Figure 9 and Figure 10 illustrate significant differences in the changes of the three evaluation metrics during the initial 200 iterations between the Approach 1 and Approach 2 models. The performance of the Approach 2 model is noticeably inferior to that of the Approach 1 model across all three evaluation metrics. The Approach 1 model demonstrates greater stability and stronger predictive capability. Nonetheless, both models converge to optimal values for the evaluation metrics around 50 iterations. The evaluation metrics in Table 2 demonstrate that the Approach 1 model outperforms the Approach 2 model on the test set, displaying lower values of MSE and MAE, and a higher value of R2. These results suggest that the Approach 1 model exhibits superior predictive accuracy and a greater ability to account for the variance in the true values. Therefore, for intelligent prediction of formation pressure loss, we recommend utilizing the Approach 1 model due to its superior performance in evaluation metrics and stability during the training process. Considering Figure 9, Figure 10 and Figure 11 across the entire set of 126 test data points, the Approach 1 model exhibits a relative error range of −2.467% to 2.510%, whereas the Approach 2 model shows a broader range of −6.141% to 5.201%. These results imply that the Approach 2 model has a wider range of prediction errors and demonstrates greater fluctuations in relative errors compared to the Approach 1 model.

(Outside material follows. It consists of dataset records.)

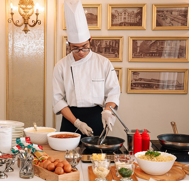 + Mức giá trên đã bao gồm : Nước lọc, trà và cà phê suốt tiệc. Tặng kèm gói trang trí cơ bản đối với tiệc sinh nhật và kỷ niệm. Chương trình giải trí theo ngày: Band nhạc Philippines biểu diễn từ 15-30 phút tại mỗi sảnh ăn tối, ảo thuật, violin,… tùy từng ngày. Thuế VAT và Phí phục vụ.
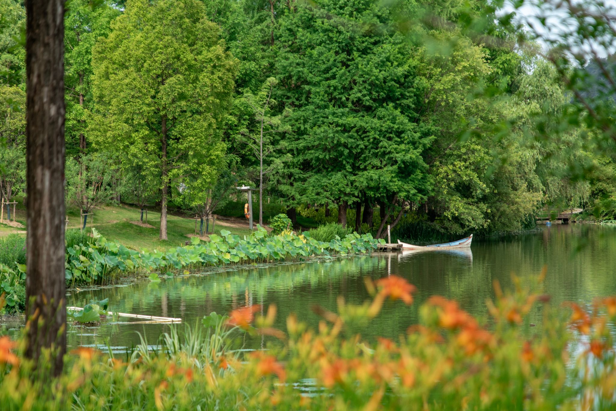 这里有湖畔晨读的静谧
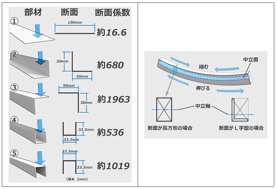 단면 계수를 계산할 수 있게 되면 H강과 L자강의 강도 차 등도 계산하여 알 수 있습니다.
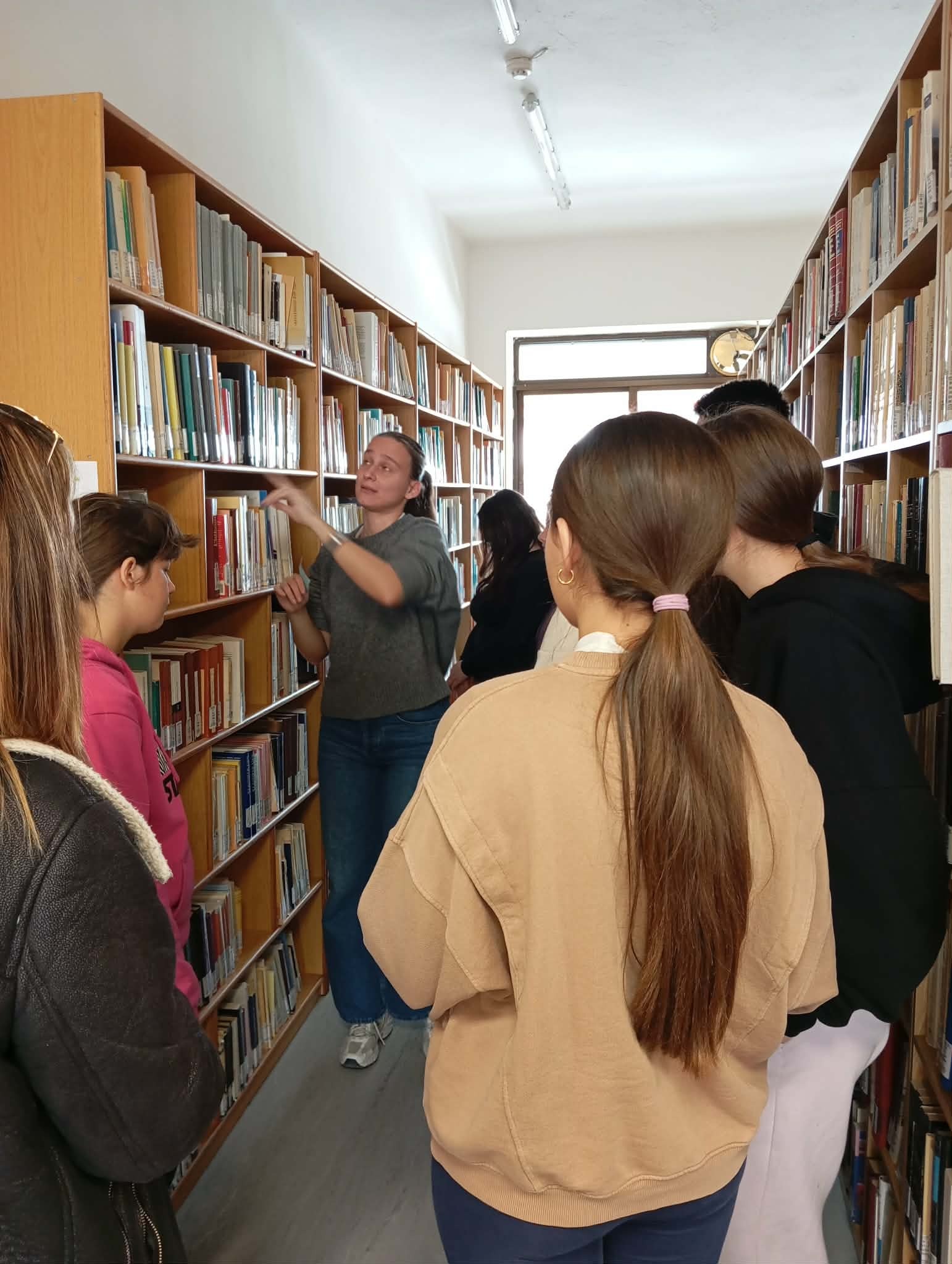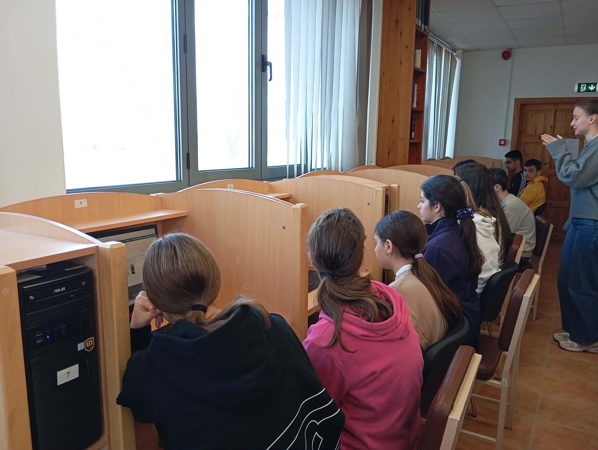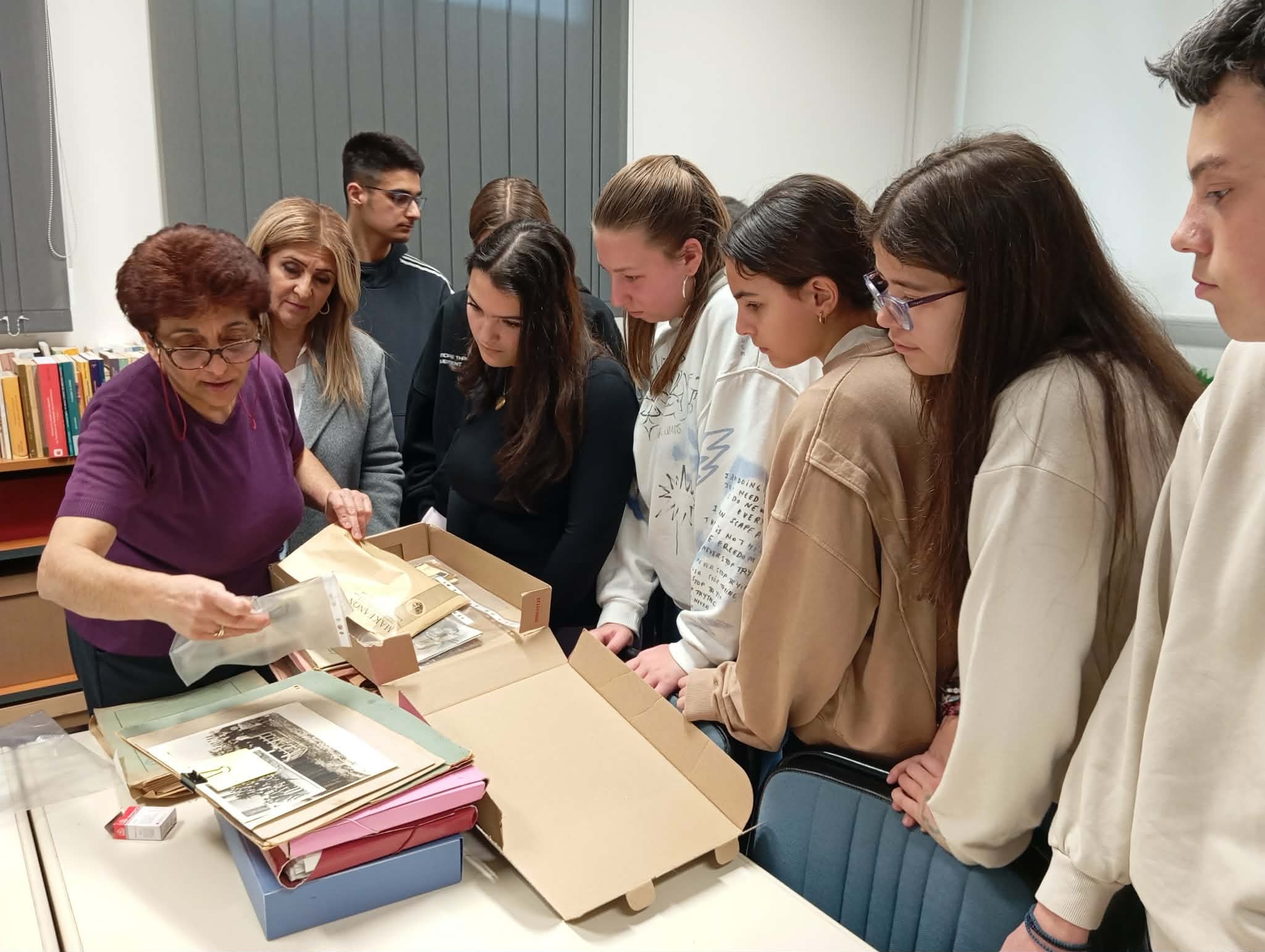 Η ξενάγηση στους χώρους της Βιβλιοθήκης και του Εργαστηρίου Τοπικής Ιστορίας αποτέλεσε μια ουσιαστική εισαγωγή στον κόσμο της ακαδημαϊκής γνώσης. Οι μαθητές είχαν την ευκαιρία να γνωρίσουν από κοντά τον τρόπο οργάνωσης και λειτουργίας μιας σύγχρονης πανεπιστημιακής βιβλιοθήκης, να εξοικειωθούν βιωματικά με τη μελέτη αρχείων και να έρθουν σε επαφή με συγκεκριμένες πηγές, καλλιεργώντας πολύτιμες δεξιότητες έρευνας και κριτικής σκέψης. Η υπεύθυνη της Βιβλιοθήκης κ. Αικατερίνη Γκώγκου δέχθηκε πρόθυμα και οργάνωσε άριστα την επίσκεψη των μαθητών/τριών μας, η κ. Σταυρίνα Ρίμπα ξενάγησε, ενημέρωσε και καθοδήγησε με ευρηματικό τρόπο τα παιδιά στη μελέτη τους και η κ. Ιωάννα Τσιλιγκαρίδου, στο Εργαστήριο Τοπικής Ιστορίας, τα μύησε στον μαγικό κόσμο της ανακάλυψης ποικίλων αρχείων του παρελθόντος.

Moreover, based on the findings presented in Table 2, it is evident that the LSTM intelligent prediction model for formation pressure loss, developed in this study, exhibits a remarkable level of prediction accuracy, as all three evaluation metrics perform exceptionally well. Furthermore, the Approach 1 model outperforms the Approach 2 model across all three evaluation metrics. In contrast, the Approach 1 model achieves impressively low values for MSE and MAE, specifically 0.000229935 and 0.011198329, respectively, whereas the Approach 2 model experiences a significant escalation in MSE and MAE, soaring by 992.393% and 240.674%, respectively, compared to the Approach 1 model. Additionally, the Approach 1 model attains an impressive R2 value of 0.92178272, whereas the Approach 2 model lags behind with a value of merely 0.552230669, resulting in a substantial difference of 66.920% between the two models and underscoring the superior accuracy of the Approach 1 model.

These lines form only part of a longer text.